In October 1941 the Ostrers sold their shares to J.
Arthur Rank, though it was not until 1944 that the conflicting interests
in the corporation were sufficiently reconciled for Rank to assume complete
control of the Gaumont-British empire.
Maurice's role in the corporation was hazy, but by the mid-1930s he
was active on the production side at Shepherd's Bush.
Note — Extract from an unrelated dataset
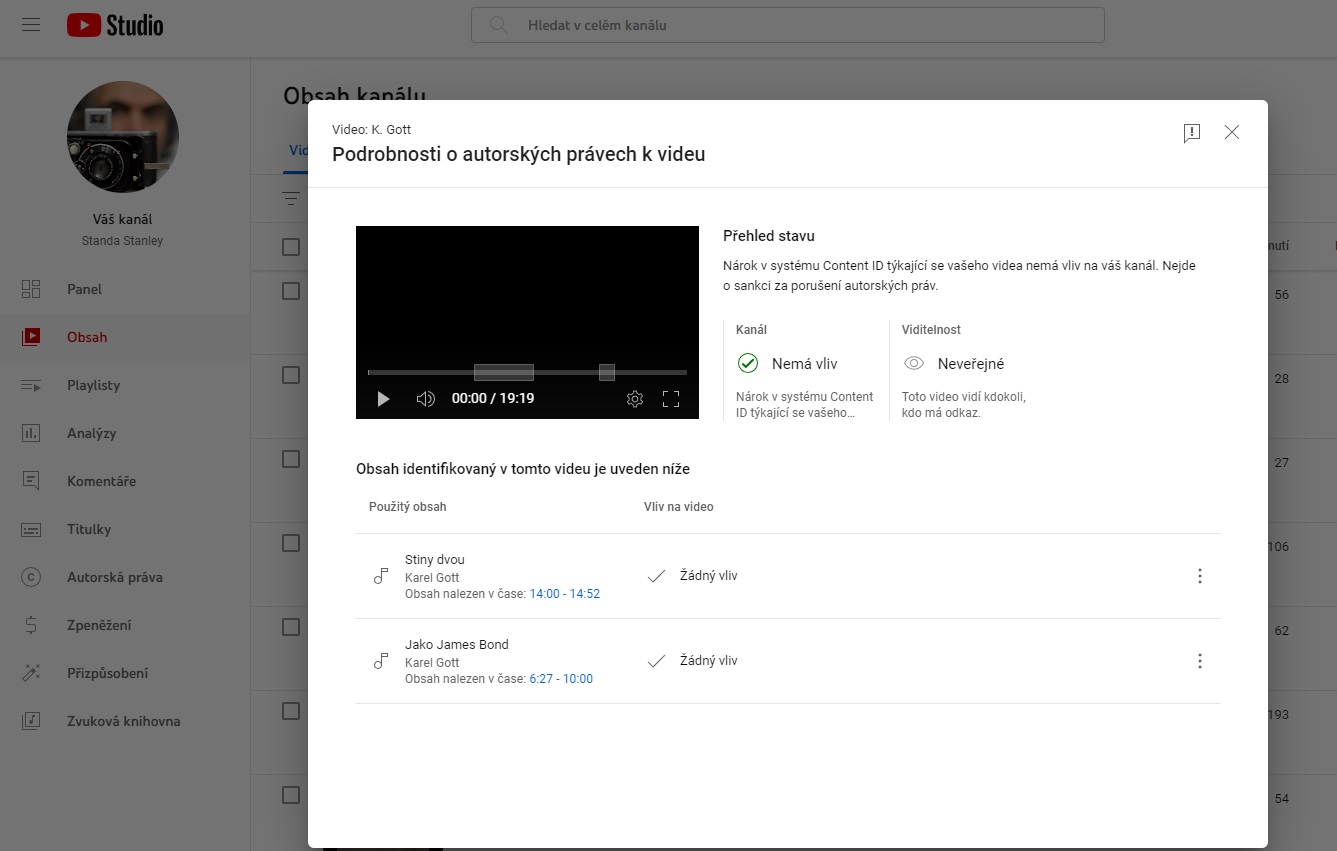 Koukám, že u jednoho videa mám "Stížnost na porušení autorských práv" a přitom je to můj záznam originál koncertu K.G.,

Balcon left for
MGM in December 1936, but it was not until 1939 that Maurice assumed
the credit `In Charge of Production' on Will Hay's Ask
a Policeman (1939).Ostrer’s greatest success was The
Wicked Lady (1945), but afterwards its director Leslie
Arliss was lured away by Alexander Korda
to continue his collaboration with Ted Black.
Val Guest, Frank
Launder and Sidney Gilliat had already
gone, and Ostrer was now dangerously dependent on two men who were outstanding
cameramen but less competent as directors: Arthur Crabtree and Bernard
Knowles.
Rank were uncomfortable with the responsibility for a series of salacious
films which sat ill with his Methodist principles and his reputation
for moral responsibility and a successor to The Wicked Lady (1945) was
vetoed, and little was done to promote the international distribution
of Madonna of the Seven Moons (1945). Rumours of Ostrer's increasing
discontent with the bureaucracy of the Rank Organization and Rank's
dissatisfaction at Gainsborough's low level of production were followed
in May 1946 by an announcement that Maurice Ostrer was to resign when
his contract ran out After Gainsborough R.J. Minney and the Ostrers
formed an independent production company, Premier Productions, and recruited
Leslie Arliss to direct Idol of Parts (1948) to the Gainsborough formula
of bodice-ripping flamboyance. It was produced for less than £100,000,
but the film failed to make enough to keep the company afloat. Maurice
Ostrer subsequently left the film industry to join Isidore in taking
control of the textiles conglomerate Illingworth Morris. There were
two lesser known brothers, David who was engaged in European sales and
scenario editor Harry.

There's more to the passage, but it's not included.